Input data:
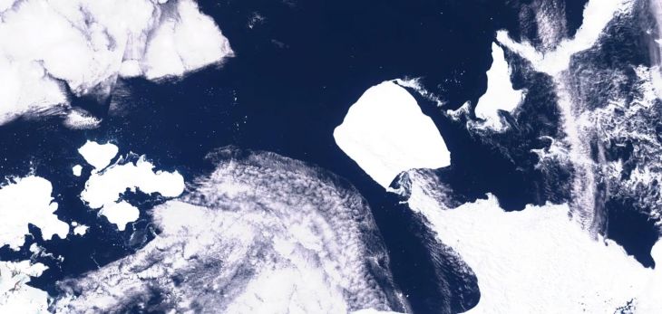 Pero ya no. Recientes imágenes por satélite revelan que el iceberg, que pesa casi un billón de toneladas métricas, se desplaza ahora rápidamente más allá del extremo norte de la Península Antártica, ayudado por fuertes vientos y corrientes.
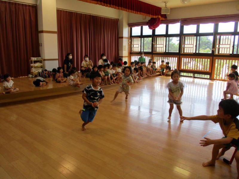 8月24日「安田式体育あそび」の講師の先生をお招きし、様々な用具と身体を使ってのあそびを教えていただきました。年少組さんは初め緊張した表情の子もいましたが、年中、年長さんが楽しそうに走ったり、かっこよく平均台の忍者飛びをする姿を見ると、「やりたい!」気持ちがわいてきました。みんなで環状線リレーをすると、楽しくて次の人に変わるのも忘れて2周、3周とニコニコしながら走っている年少さんが微笑ましかったです。
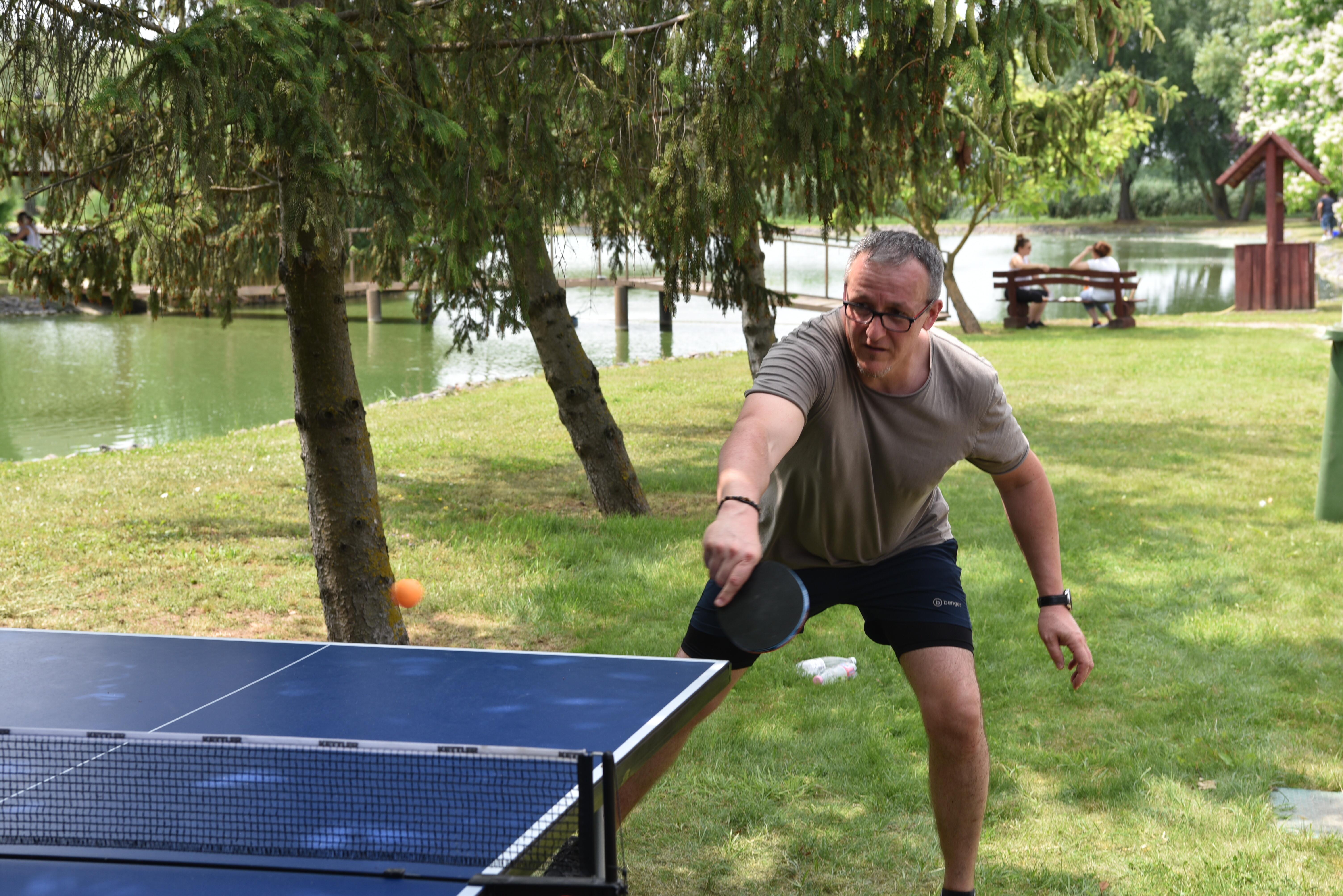 „Remek volt minden! Ahogy mondják: a foglalkozás elérte a célját. Lehetett horgászni, sportolni, vagy csak beszélgetni, ezúttal nem a munkaterületen a szakmáról, hanem szabadon bármiről, igazán kellemes környezetben. Én természetesen nem hagytam ki a focit és az asztaliteniszben is több meccset játszottam. A felszolgált ételekkel úgy gondolom mindenki elégedett volt és mivel lehetőség volt leöblíteni a finom falatokat így a hangulatra sem lehet senkinek panasza” – ismertette az élményt Szakolczai Zsolt.

What you will do: Word for word, repeat all the data, but not its images.

Your solution:
 Pero ya no. Recientes imágenes por satélite revelan que el iceberg, que pesa casi un billón de toneladas métricas, se desplaza ahora rápidamente más allá del extremo norte de la Península Antártica, ayudado por fuertes vientos y corrientes.
 8月24日「安田式体育あそび」の講師の先生をお招きし、様々な用具と身体を使ってのあそびを教えていただきました。年少組さんは初め緊張した表情の子もいましたが、年中、年長さんが楽しそうに走ったり、かっこよく平均台の忍者飛びをする姿を見ると、「やりたい!」気持ちがわいてきました。みんなで環状線リレーをすると、楽しくて次の人に変わるのも忘れて2周、3周とニコニコしながら走っている年少さんが微笑ましかったです。
 „Remek volt minden! Ahogy mondják: a foglalkozás elérte a célját. Lehetett horgászni, sportolni, vagy csak beszélgetni, ezúttal nem a munkaterületen a szakmáról, hanem szabadon bármiről, igazán kellemes környezetben. Én természetesen nem hagytam ki a focit és az asztaliteniszben is több meccset játszottam. A felszolgált ételekkel úgy gondolom mindenki elégedett volt és mivel lehetőség volt leöblíteni a finom falatokat így a hangulatra sem lehet senkinek panasza” – ismertette az élményt Szakolczai Zsolt.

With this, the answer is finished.